The organization, which works to protect the waterways and wetlands surrounding Peconic Bay, has asked all five towns on the East End to chip in, with the goal of matching its federal allocation of $700,000 over three years.
“We’re looking to towns to assist us with funds that can be used operationally for the program as well as for the ongoing water quality work and habitat work that we do around the Peconics,” PEP executive director Joyce Novak explained to the Town Board during a work session Tuesday.
Under the proposal, towns would participate by contributing a phased-in share of their CPF revenues directly to PEP. The funding requests are proportional to the total amount generated by the fund in each town, with Southampton and East Hampton contributing the highest amount, followed by Southold, Riverhead and Shelter Island.
Southold’s initial contribution would be $24,500 and ultimately grow to $49,000, according to the plan Ms. Novak presented Tuesday.
She said Southampton has already pledged its support and is slated to contribute $206,850 this year. Ms. Novak said she plans to make the pitch to other towns in the coming weeks. “[The East End towns are] all part of the same watershed,” Ms. Novak said. “It is the reason that we love the East End.”
Town Supervisor Scott Russell, who is a member of the PEP’s policy committee, said the town has been reluctant to use CPF monies for water quality projects.
A recent change in state law allows the towns to allocate up to 20% of their annual CPF revenue to water quality improvement projects. Previously, towns were limited to using the funds for protecting farmland and open space.

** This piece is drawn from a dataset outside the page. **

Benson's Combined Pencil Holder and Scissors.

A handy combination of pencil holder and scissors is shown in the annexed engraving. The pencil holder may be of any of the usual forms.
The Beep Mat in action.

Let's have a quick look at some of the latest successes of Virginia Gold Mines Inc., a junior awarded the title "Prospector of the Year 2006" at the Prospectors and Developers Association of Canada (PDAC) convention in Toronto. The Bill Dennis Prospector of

“The South Fork gets a lot of revenue and they really don’t have a lot to preserve left, whereas in Southold Town, there’s a substantial amount of farmland and open space and a very active program,” Mr. Russell said.

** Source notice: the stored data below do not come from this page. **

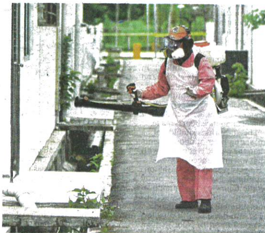
A Klang Municipal Council worker sanitising a row of houses at Taman Ehsan Jaya in Pandamaran, Klang, yesterday.

He said the first cluster reported in Selangor, also the country's third wave, was the Jalan Apas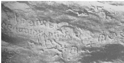
Graffiti from Dakhanamo, Kotar (near Asmara), 8 th -7 th c. BC (RIE 157).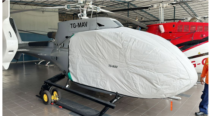
Airbus H-130 Insulated Bubble Cover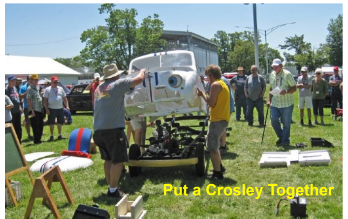
Put a Crosley Together

Friday is Game Day as well as the official opening of the flea market, 39 vendors this year. We had a special exercise to create a photo op for the 50th Anniversary of the club and 80th Anniversary of the first production Crosley. Two favorite games this year was a Crosley put together race and going to the dance. A Crosley was assembled from parts and driven off the field, with the winning team at 11 minutes. Going to the dance is a speed and style competition with a team stopping at several locations and putting on a piece of clothing and doing a dance

He said the town could alternatively support the buy-in by making the allocation to PEP through the town’s general budget process. “We have obligations to the East End community. We share the same estuary,” the supervisor said, indicating he supports the measure.
Board members Jim Dinizio and Sarah Nappa said they support using the CPF.
“Although we do have a lot of land to protect, we also need to be looking at our watershed, at our bays to be protected,” Ms. Nappa said, adding that she thinks the allocation would be reasonable and wouldn’t negatively impact the land preservation budget. “It’s a good use of the funds.”
According to figures released by Assemblyman Fred Thiele’s office, Southold generated $9.75 million in CPF revenues in 2020, up from $7.41 million in 2019. Since its inception in 1999, the CPF has generated more than $1.6 billion to protect over 10,000 acres of land on the East End.